O ministro das Relações Exteriores de Cuba, Bruno Rodriguez, disse que o governo Trump “intensificou agressivamente” a implementação do embargo contra outros países e tentou impedir a chegada de remessas a Cuba “recorrendo a sanções e ameaças contra embarcações, companhias de navegação e companhias de seguros”.

“Não esconde sua intenção, que é economicamente sufocar Cuba e aumentar danos, escassez e dificuldades em nosso povo”, afirmou.

A embaixadora dos EUA, Kelly Craft, disse à assembléia que os Estados Unidos, como todas as nações, podem escolher com quem negociar, para que “seja preocupante” que a comunidade internacional, em nome da proteção da soberania de Cuba, continue desafiando esse direito.

A embaixadora dos EUA, Kelly Craft, falou na Assembléia Geral das Nações Unidas durante uma votação que os EUA impuseram a Cuba em 7 de novembro de 2019. (Evan Schneider / ONU)

“Mas o que é ainda mais preocupante é que, todos os anos, esse órgão aceita a alegação de que o regime cubano não tem outra escolha senão abusar de seu próprio povo em resposta ao embargo”, disse ela.

Craft apontou a prisão do defensor cubano de direitos humanos Jose Ferrer e outros defensores no mês passado sobre o que ela chamou de acusações fabricadas.

Ela também citou restrições do governo aos médicos cubanos que trabalham no exterior que são “forçados a devolver todos os dólares, com exceção de alguns dólares, ao Partido Comunista”, o silenciamento de ativistas políticos, o controle estatal da mídia e a falta de livre escolha de emprego. .

Rodriguez, de Cuba, respondeu que “o governo dos Estados Unidos não tem a menor autoridade moral para criticar Cuba ou qualquer outro país no que diz respeito aos direitos humanos”.

Ele disse que Cuba chama os EUA de “bloqueio causou danos humanitários incalculáveis” e representa uma grande violação dos direitos humanos.

O ministro das Relações Exteriores de Cuba, Bruno Rodriguez, falando na Assembléia Geral das Nações Unidas durante uma votação que os EUA impuseram a Cuba em 7 de novembro de 2019. (Evan Schneider / ONU)

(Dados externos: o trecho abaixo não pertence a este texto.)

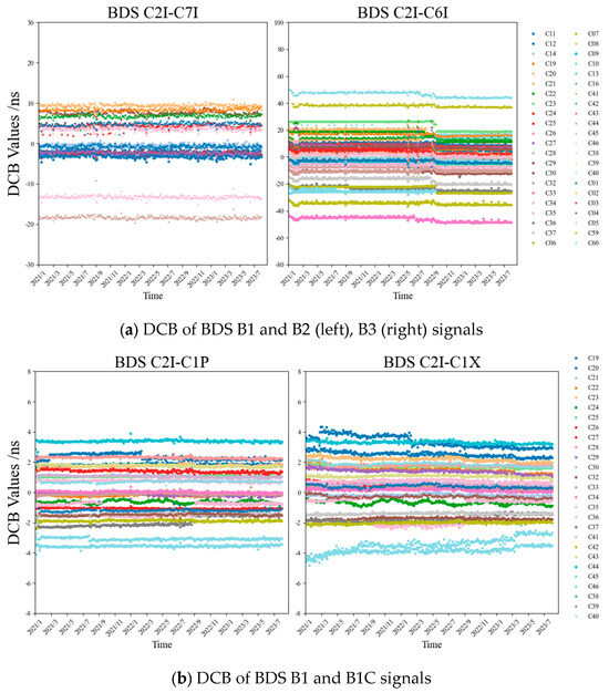 - Shi, Q.; Jin, S. Variation Characteristics of Multi-Channel Differential Code Biases from New BDS-3 Signal Observations. Remote Sens. 2022, 14, 594. [Google Scholar] [CrossRef]

Rodriguez acusou os EUA de exercer “sua dominação imperialista”, aumentar sua presença militar na América Latina e usar “linguagem intervencionista e inaceitável” contra o governo do presidente venezuelano Nicolás Maduro.

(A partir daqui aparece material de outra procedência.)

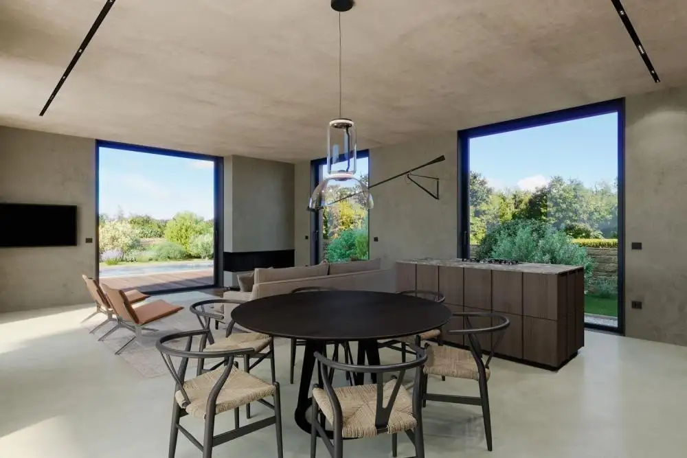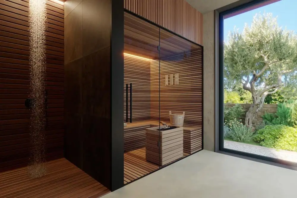 On the ground floor, the villa will have an entrance area, an elegantly decorated living room, a dining room, a kitchen, a guest toilet, a small technical room and a wellness area with a sauna to enjoy on cold days.
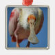 Closeup roseate Spoonbill (Platalea ajaja) seen from front with its big beak on blue sky background
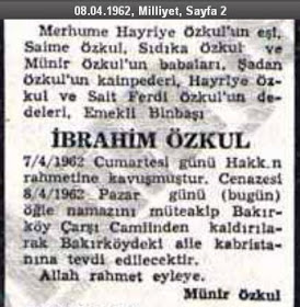 Münir Özkul'un annesi Hayriye hanım, Tophane-i Amire Bahriye Dairesi azasından Mirliva Mustafa Mazhar Paşa'nın kızıdır.
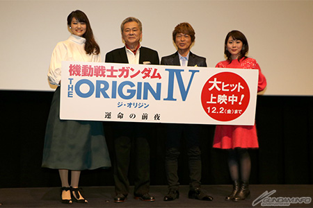Screening theaters countrywide for the Mobile Suit Gundam THE ORIGIN IV Eve of Destiny 2-week screening event are being visited by staff and cast members and will end on December 2nd (Fri.) Stage greetings were held at TOHO Cinemas Nihonbashi in Tokyo on November 27th (Sun.)

“Nenhuma ameaça nem chantagem extrairá a menor concessão política de nós”, afirmou o ministro cubano. “Não desistiremos de nossa determinação de alcançar um relacionamento civilizado com o governo dos EUA com base no respeito mútuo.”

O ministro das Relações Exteriores da Venezuela, Jorge Arreaza, que falou antes da votação, disse que estava na hora de “acabar com essa loucura imperialista”.

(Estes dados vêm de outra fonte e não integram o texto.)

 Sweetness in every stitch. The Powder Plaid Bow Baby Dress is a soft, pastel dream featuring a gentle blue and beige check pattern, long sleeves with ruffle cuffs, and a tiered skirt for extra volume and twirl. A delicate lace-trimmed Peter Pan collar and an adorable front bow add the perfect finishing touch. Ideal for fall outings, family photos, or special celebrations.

Craft, embaixador dos EUA, disse que Cuba está colaborando com o regime de Maduro na perpetração de uma crise econômica e humanitária na Venezuela que está contribuindo para a instabilidade regional.

O ex-presidente cubano Raul Castro e o então presidente Barack Obama restauraram oficialmente as relações em julho de 2016. Mas os funcionários do governo Trump criticaram fortemente o histórico de direitos humanos de Cuba.

Em 2017, os EUA voltaram a votar contra a resolução da Assembléia Geral patrocinada por Cuba sobre o fim do embargo dos EUA a Cuba depois que o governo Obama se absteve em 2016, o primeiro para os Estados Unidos em 25 anos. Em 2016, Israel também se absteve.

O embaixador palestino Riyad Mansour se dirige ao Conselho de Segurança das Nações Unidas, na sede da ONU, em 22 de janeiro de 2019. (AP / Richard Drew)

O embaixador palestino Riyad Mansour, falando em nome do Grupo dos 77, que representa 134 países em desenvolvimento, lembrou “os passos positivos” do governo Obama e lamentou os esforços do governo Trump para fortalecer o embargo contra Cuba.

Craft disse a repórteres após a votação que “a parte mais feia” do dia estava ouvindo diplomatas que vendiam “essa ficção de que o regime cubano é impotente” para ajudar seu povo.

“Os EUA não se responsabilizarão pelos abusos dos direitos humanos do regime cubano”, disse ela.